> **Stored items from a collection**:

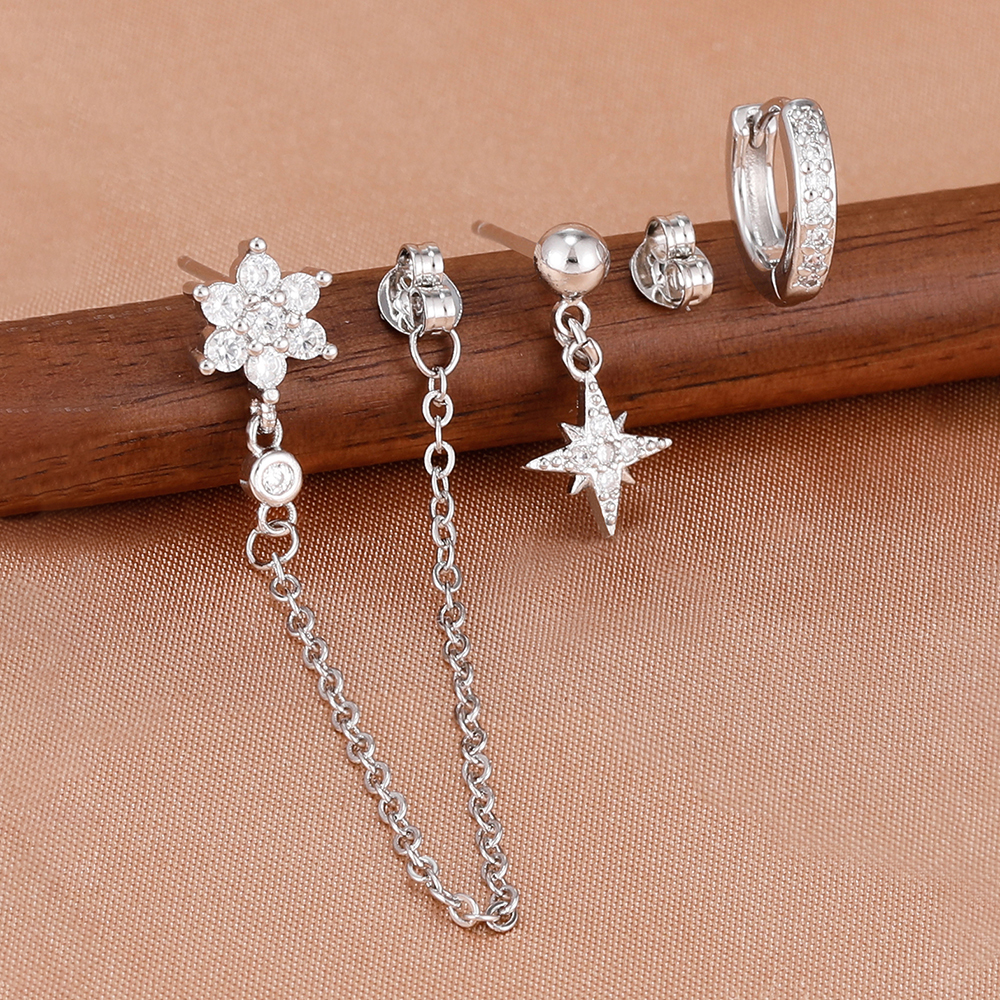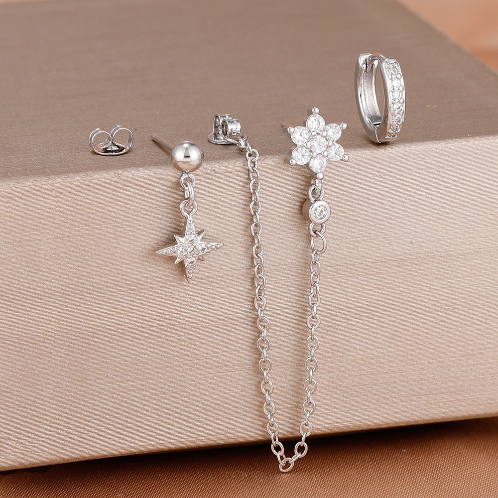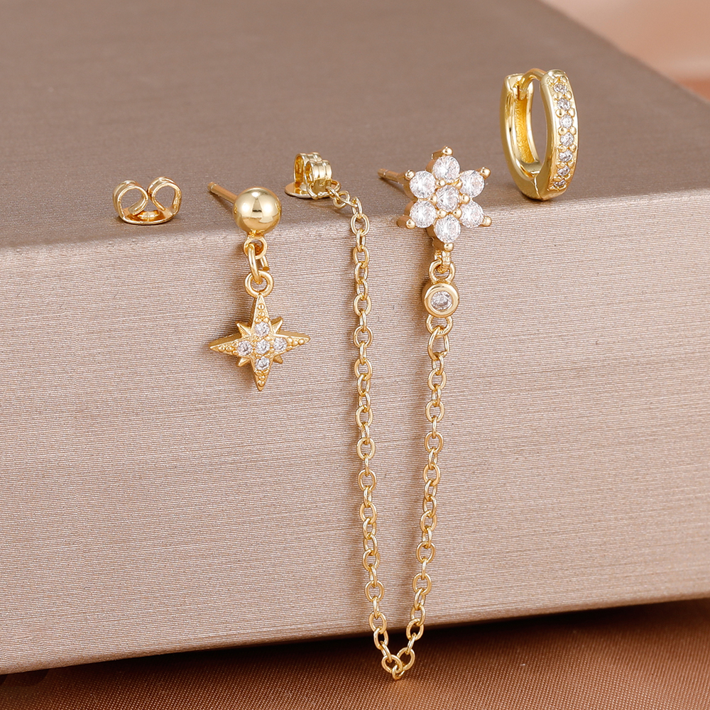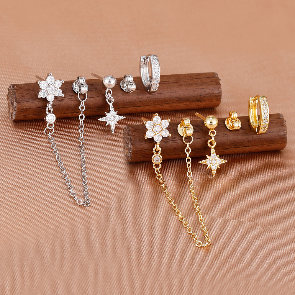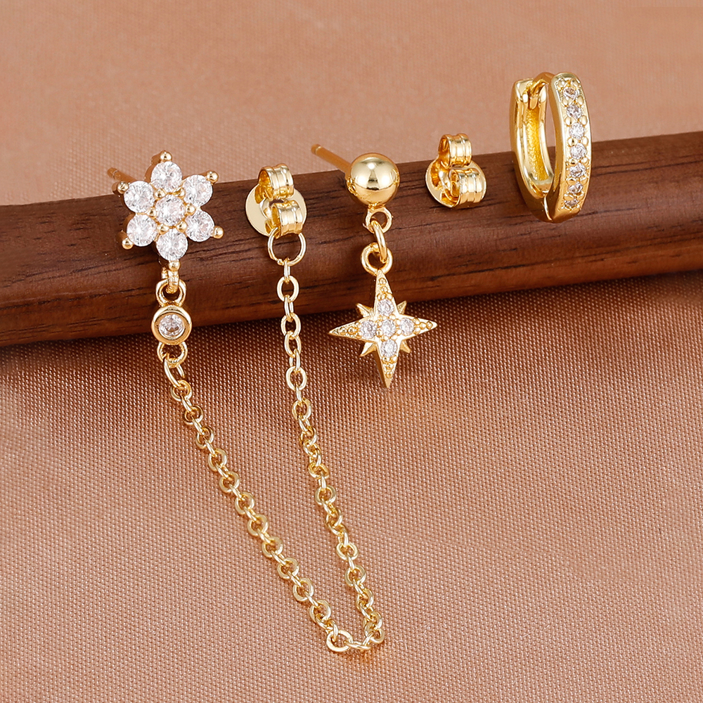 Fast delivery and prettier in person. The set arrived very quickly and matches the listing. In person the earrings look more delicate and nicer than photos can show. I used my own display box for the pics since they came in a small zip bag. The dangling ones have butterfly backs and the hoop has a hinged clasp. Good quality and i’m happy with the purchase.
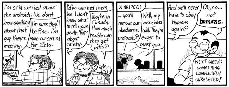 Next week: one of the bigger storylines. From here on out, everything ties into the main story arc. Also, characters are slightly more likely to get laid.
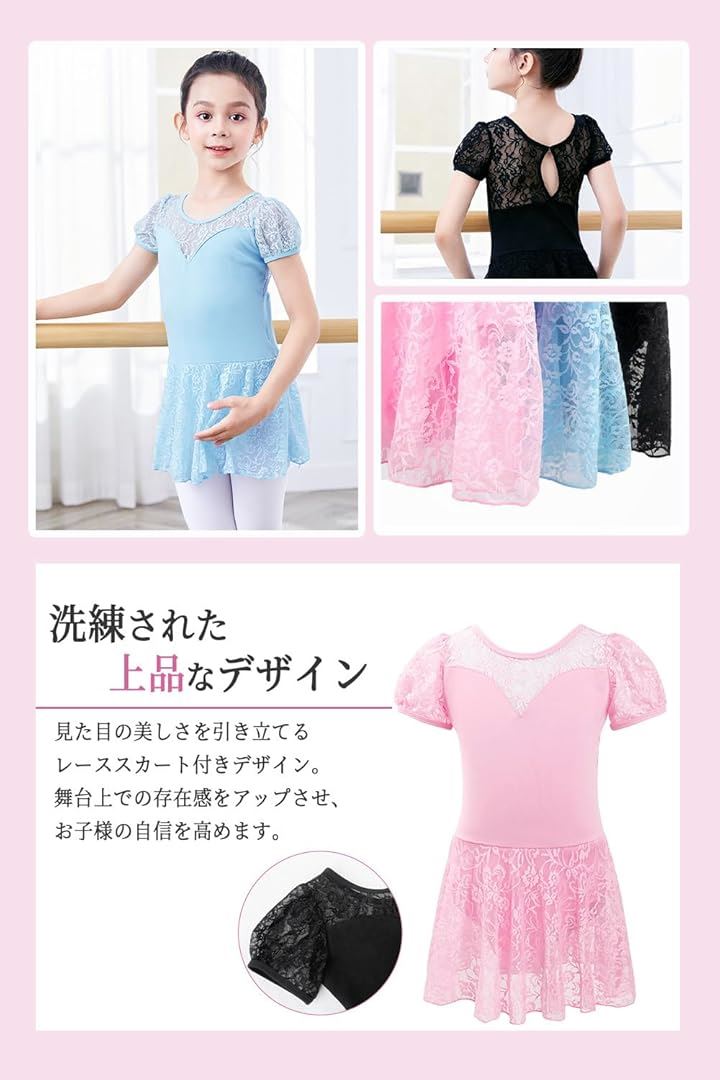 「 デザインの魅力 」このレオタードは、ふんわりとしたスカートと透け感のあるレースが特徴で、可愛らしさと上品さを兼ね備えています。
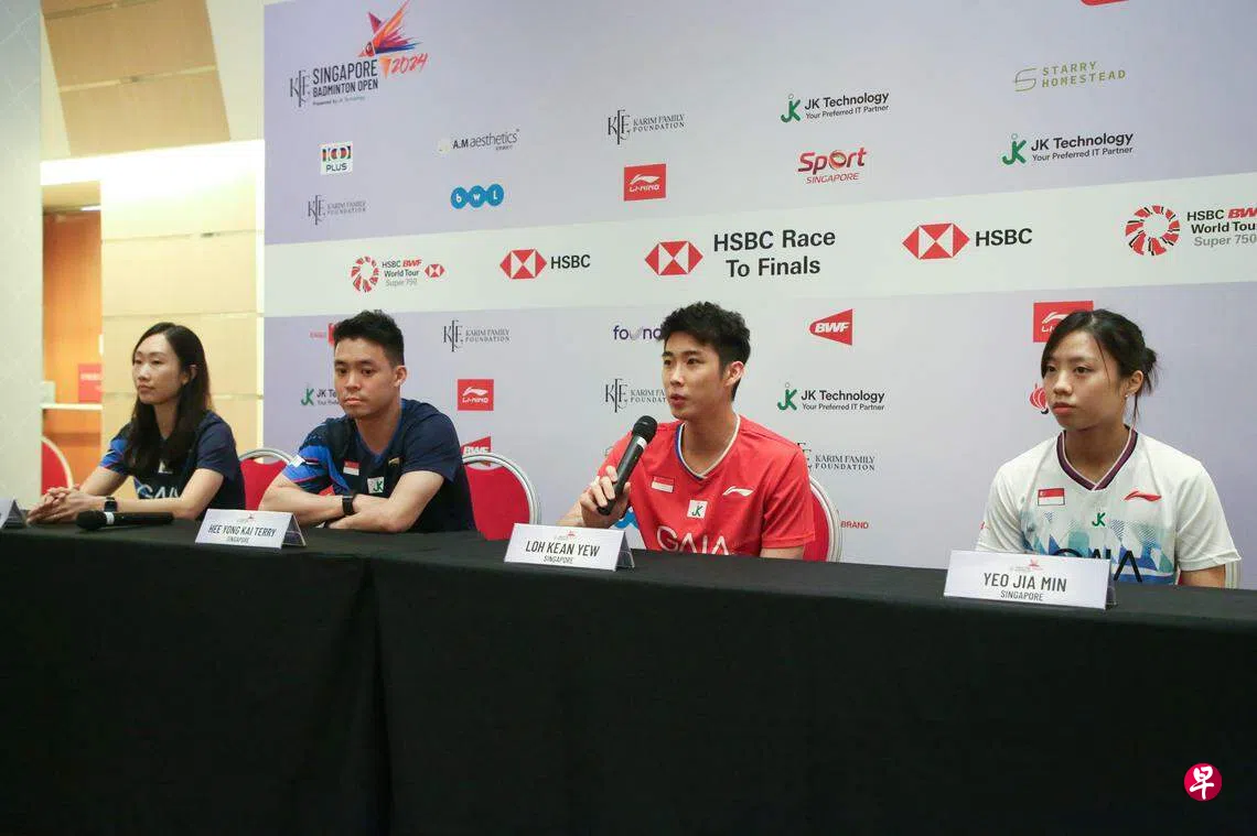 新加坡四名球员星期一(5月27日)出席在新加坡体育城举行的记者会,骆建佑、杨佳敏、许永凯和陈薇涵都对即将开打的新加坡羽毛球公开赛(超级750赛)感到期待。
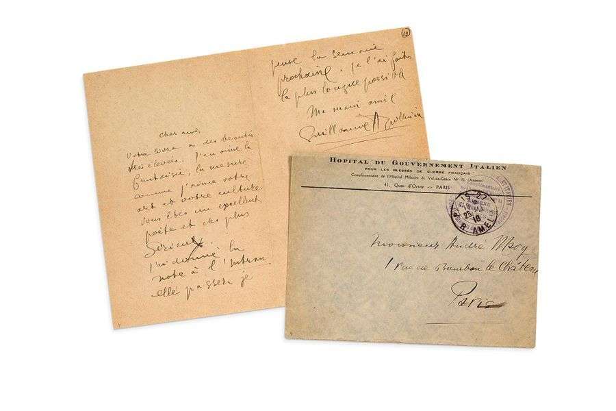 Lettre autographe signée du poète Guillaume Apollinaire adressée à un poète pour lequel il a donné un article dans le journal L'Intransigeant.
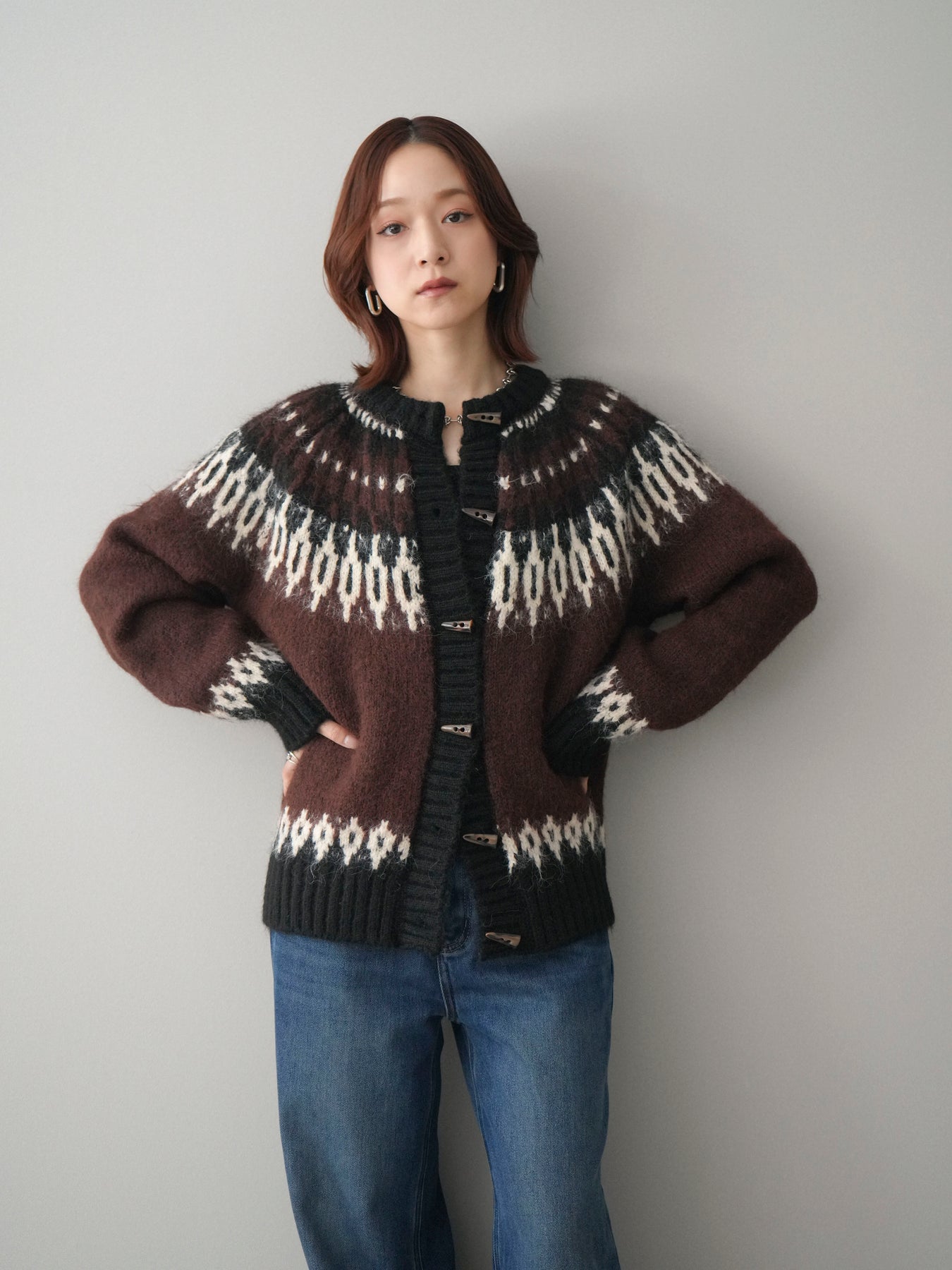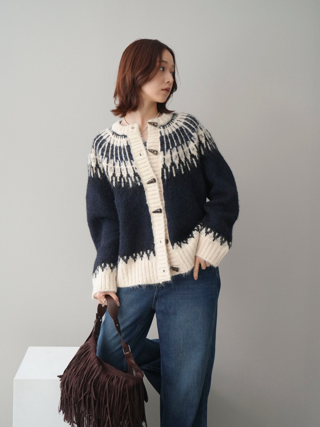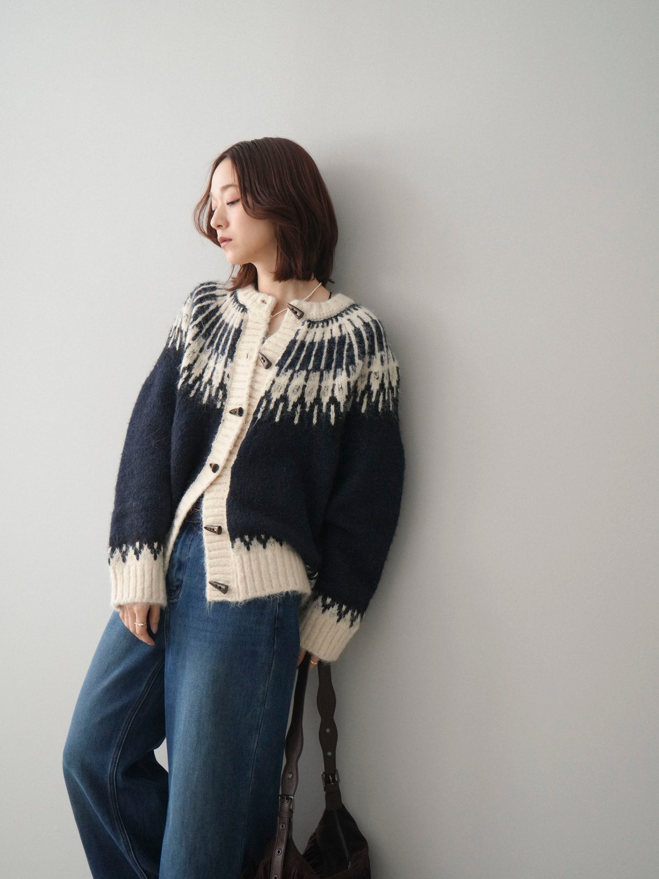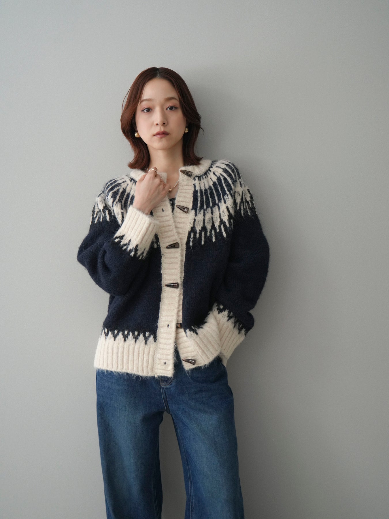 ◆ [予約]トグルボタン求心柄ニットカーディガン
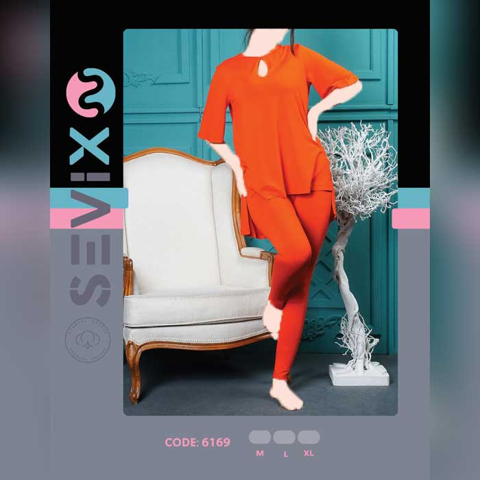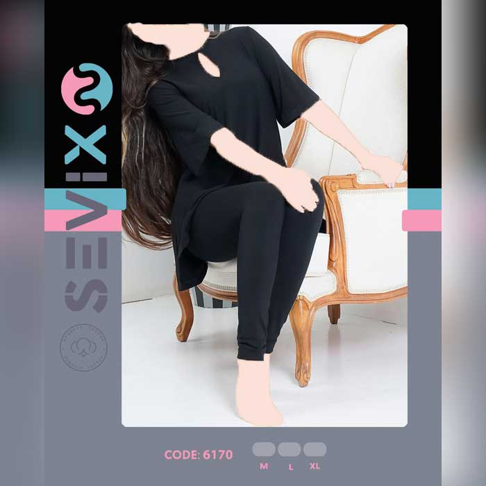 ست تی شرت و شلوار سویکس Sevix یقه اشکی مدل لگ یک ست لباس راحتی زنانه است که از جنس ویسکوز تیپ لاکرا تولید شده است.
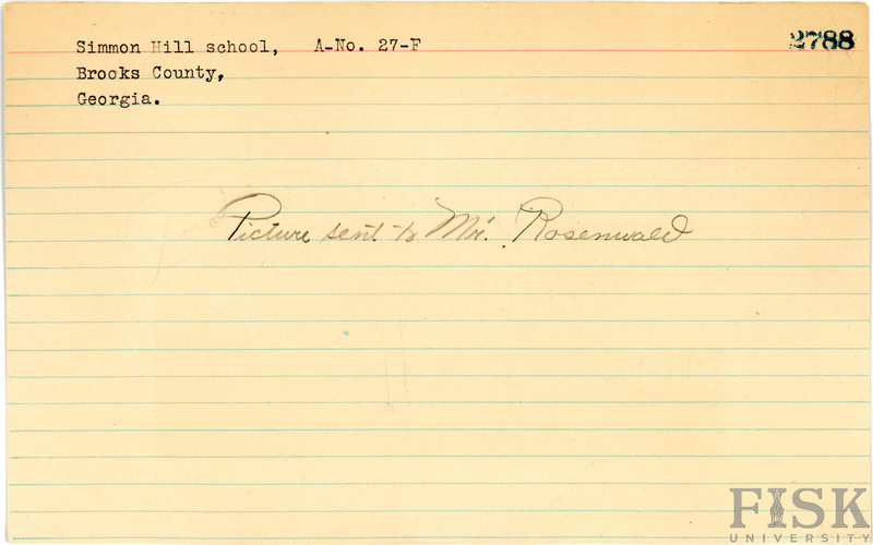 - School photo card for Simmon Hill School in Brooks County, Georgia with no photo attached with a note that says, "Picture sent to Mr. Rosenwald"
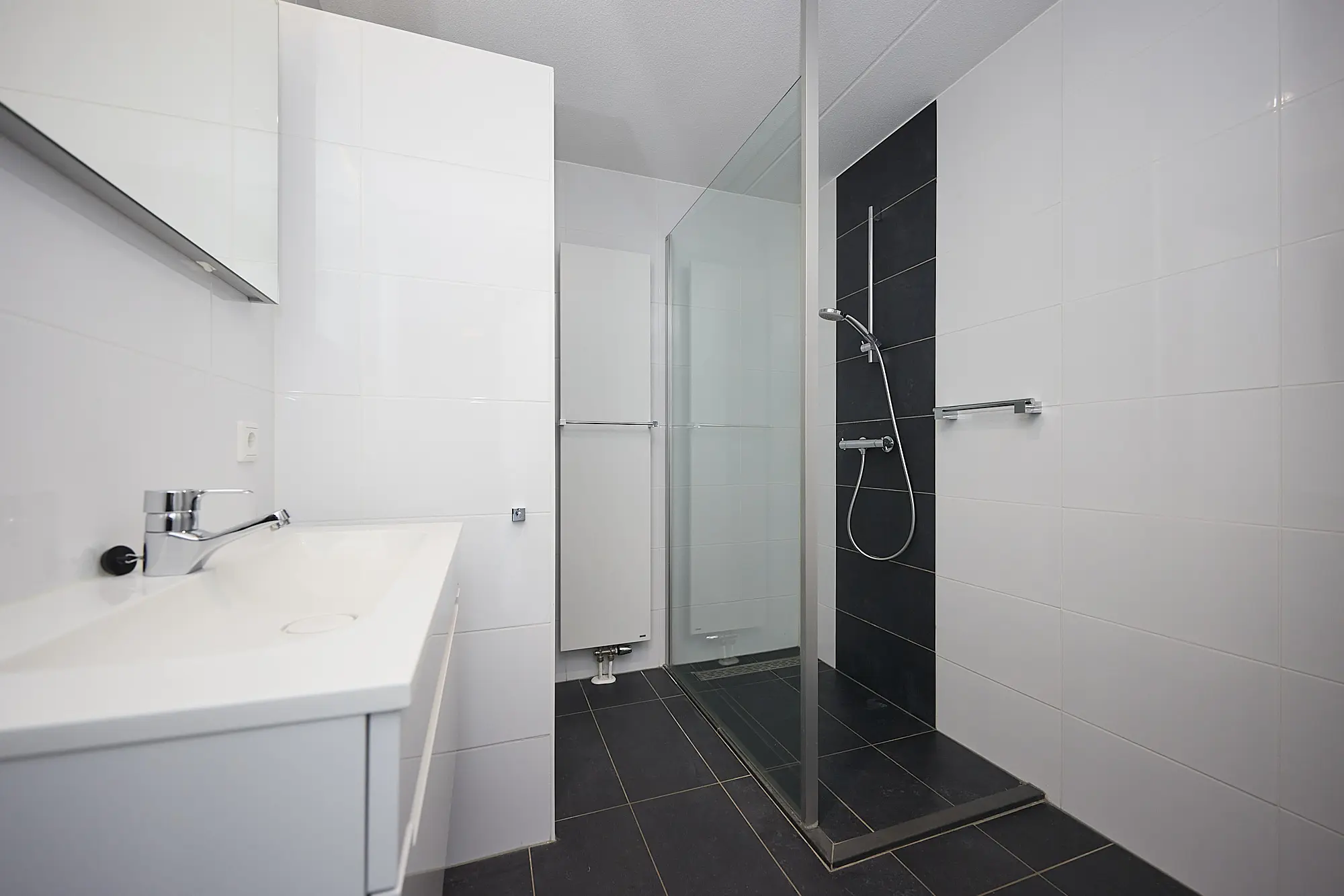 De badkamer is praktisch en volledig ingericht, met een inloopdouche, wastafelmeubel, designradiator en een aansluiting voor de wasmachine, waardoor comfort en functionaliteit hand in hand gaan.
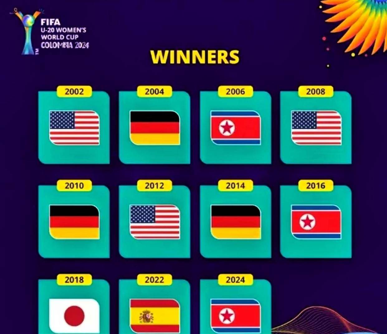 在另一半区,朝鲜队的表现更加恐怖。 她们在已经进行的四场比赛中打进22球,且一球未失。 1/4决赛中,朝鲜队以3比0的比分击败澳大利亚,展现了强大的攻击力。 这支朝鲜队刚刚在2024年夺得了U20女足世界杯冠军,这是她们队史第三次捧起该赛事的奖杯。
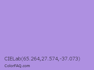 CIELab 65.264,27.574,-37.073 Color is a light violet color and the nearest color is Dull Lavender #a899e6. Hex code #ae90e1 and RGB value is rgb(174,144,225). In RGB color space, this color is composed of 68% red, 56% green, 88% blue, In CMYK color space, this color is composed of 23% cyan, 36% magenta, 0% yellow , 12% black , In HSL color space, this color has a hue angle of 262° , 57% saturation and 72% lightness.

> **BRIEF**: Every entry should be written out word for word, except for its pictures.

> **OUTPUT OF THE EXERCISE**:
 Fast delivery and prettier in person. The set arrived very quickly and matches the listing. In person the earrings look more delicate and nicer than photos can show. I used my own display box for the pics since they came in a small zip bag. The dangling ones have butterfly backs and the hoop has a hinged clasp. Good quality and i’m happy with the purchase.
 Next week: one of the bigger storylines. From here on out, everything ties into the main story arc. Also, characters are slightly more likely to get laid.
 「 デザインの魅力 」このレオタードは、ふんわりとしたスカートと透け感のあるレースが特徴で、可愛らしさと上品さを兼ね備えています。
 新加坡四名球员星期一(5月27日)出席在新加坡体育城举行的记者会,骆建佑、杨佳敏、许永凯和陈薇涵都对即将开打的新加坡羽毛球公开赛(超级750赛)感到期待。
 Lettre autographe signée du poète Guillaume Apollinaire adressée à un poète pour lequel il a donné un article dans le journal L'Intransigeant.
 ◆ [予約]トグルボタン求心柄ニットカーディガン
 ست تی شرت و شلوار سویکس Sevix یقه اشکی مدل لگ یک ست لباس راحتی زنانه است که از جنس ویسکوز تیپ لاکرا تولید شده است.
 - School photo card for Simmon Hill School in Brooks County, Georgia with no photo attached with a note that says, "Picture sent to Mr. Rosenwald"
 De badkamer is praktisch en volledig ingericht, met een inloopdouche, wastafelmeubel, designradiator en een aansluiting voor de wasmachine, waardoor comfort en functionaliteit hand in hand gaan.
 在另一半区,朝鲜队的表现更加恐怖。 她们在已经进行的四场比赛中打进22球,且一球未失。 1/4决赛中,朝鲜队以3比0的比分击败澳大利亚,展现了强大的攻击力。 这支朝鲜队刚刚在2024年夺得了U20女足世界杯冠军,这是她们队史第三次捧起该赛事的奖杯。
 CIELab 65.264,27.574,-37.073 Color is a light violet color and the nearest color is Dull Lavender #a899e6. Hex code #ae90e1 and RGB value is rgb(174,144,225). In RGB color space, this color is composed of 68% red, 56% green, 88% blue, In CMYK color space, this color is composed of 23% cyan, 36% magenta, 0% yellow , 12% black , In HSL color space, this color has a hue angle of 262° , 57% saturation and 72% lightness.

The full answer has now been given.